Geçtiğimiz senelerde atanamayan öğretmenler farklı adreslerden ama aynı içerikle bir e-posta atağına kalkıyorlardı ki, “ses duyurmak” açısından doğru bir strateji diye değerlendirebileceğimiz bu hamle, bir süre sonra mağdur insanların attığı e-postalardan mağdur olan yeni bir sınıf yaratıyor(!) Atanamayan öğretmenleri bir kenara bırakmaya çalışsam da, onlar bizi bir kenara bırakacak gibi değiller… Ne de olsa, iktidar sahipleri her seçim dönemine yaklaştıkça, Ağustos’ta, Şubat’ta, Haziran’da veya yılın içindeki herhangi bir ay içerisinde ek atamalar yapılacağına dair sözler veriyorlar. Söz vermek kolay tabii, sonrası kimin umurunda? Atanamayan yüz binlerce öğretmen adayı, kendi sayılarının birkaç misli sayıda e-postayla birilerinin posta kutusunu çökertebiliyorlar…

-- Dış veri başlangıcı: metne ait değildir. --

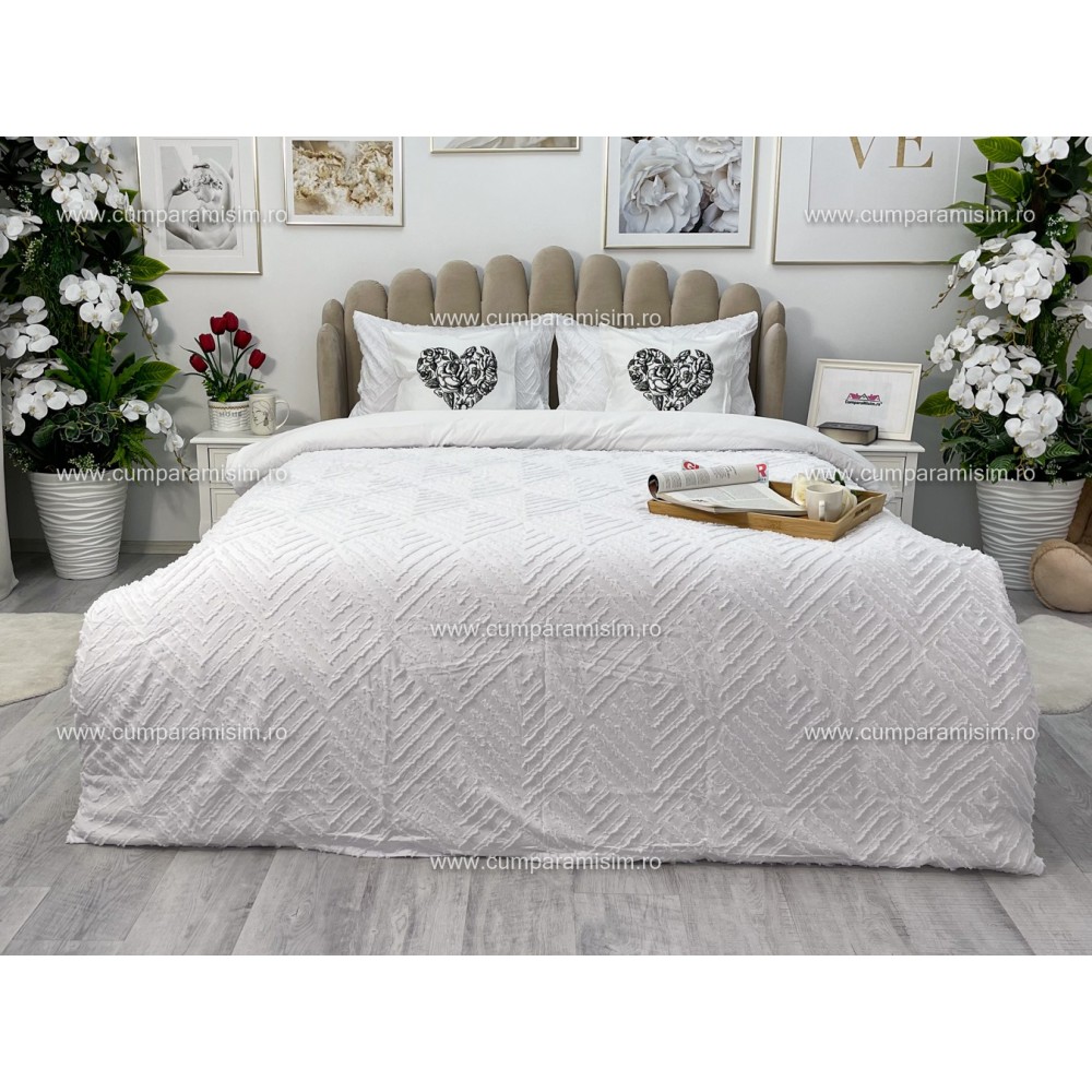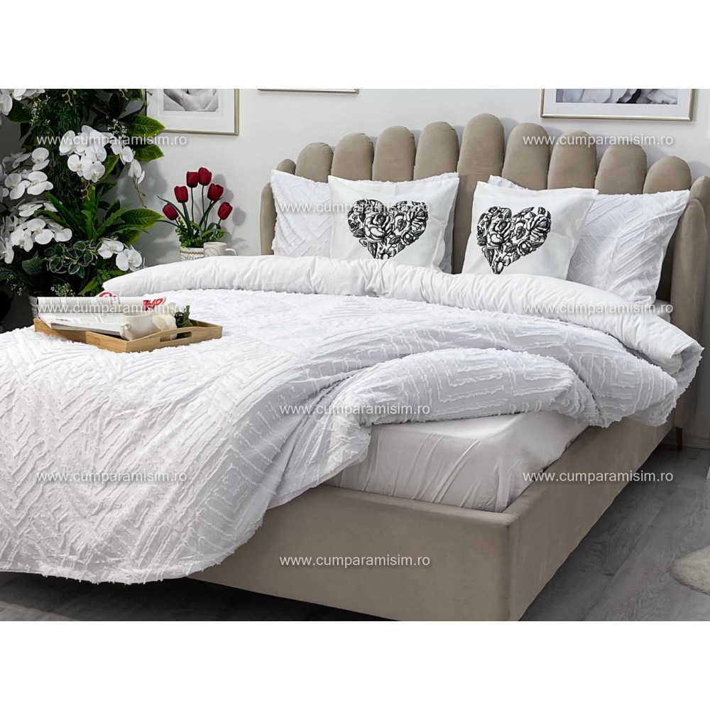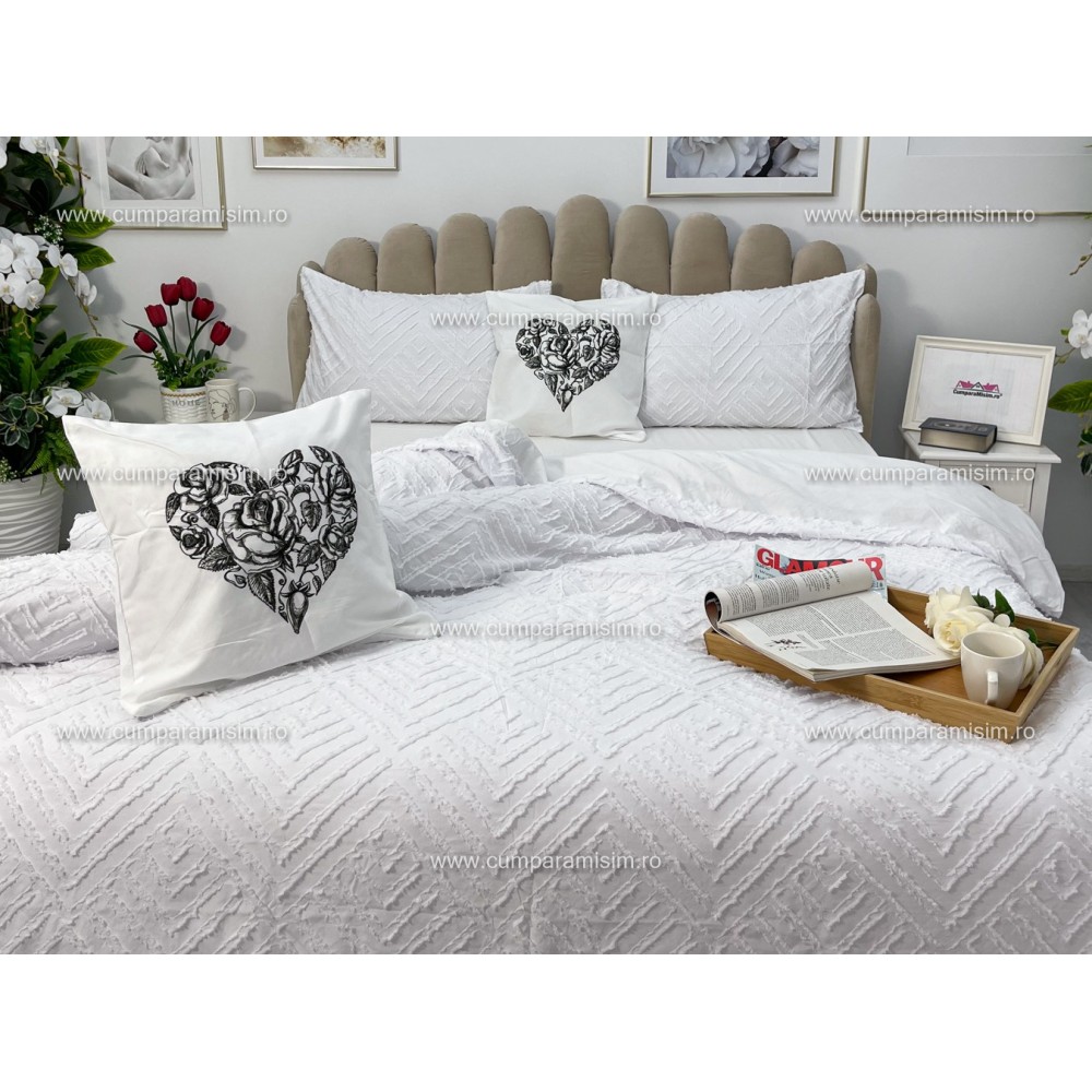 Lenjerie pat dublu, Finet Satinat Deluxe cu Smocuri Brodate, IDENTICA CU POZA, cu elastic, 4 anotimpuri, 6 piese, alb, Primavara Casa, cod produs: PRC100

Tam atanamayan öğretmenlere alışıp kendi savunma mekanizmamızı geliştiriyoruz ki, her hafta yeni bir mağdur grubu ortaya çıkıyor. Kâh veterinerler isyan ediyorlar, kâh İİBF mezunları. Bir gün bir bakıyorum, beş yüzün üzerinde e-posta gelmiş farklı adreslerden. Teknik ve mesleki öğretmenlerin 100 bini 28 Şubat mağduruymuş meğer… Eh malum, 28 Şubat’ta mağdur olmayan kimse yok memlekette… Kim bilir önümüzdeki günler nelere gebe!

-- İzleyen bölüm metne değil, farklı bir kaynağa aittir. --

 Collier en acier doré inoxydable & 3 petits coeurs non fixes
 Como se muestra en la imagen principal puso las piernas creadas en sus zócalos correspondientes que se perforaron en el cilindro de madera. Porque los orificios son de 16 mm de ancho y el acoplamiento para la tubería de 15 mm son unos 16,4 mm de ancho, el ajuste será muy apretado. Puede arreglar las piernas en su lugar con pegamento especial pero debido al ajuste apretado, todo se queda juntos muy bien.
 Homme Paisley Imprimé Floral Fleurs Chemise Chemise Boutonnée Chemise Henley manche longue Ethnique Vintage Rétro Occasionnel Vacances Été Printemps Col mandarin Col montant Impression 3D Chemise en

Mağdur bitti, gelsin futbolcular!
Haydi söz konusu mağdurlar topluluğuna hak verip, tahammül edip, sakin sakin siliverdik e-postaları. Çile bitecek gibi değil… Bu sefer, yüz küsur yıllık bir futbol takımının futbolcusu hakeme tükürdüğü gerekçesiyle oyundan atılınca yeni bir siber kıyamet kopuyor memlekette.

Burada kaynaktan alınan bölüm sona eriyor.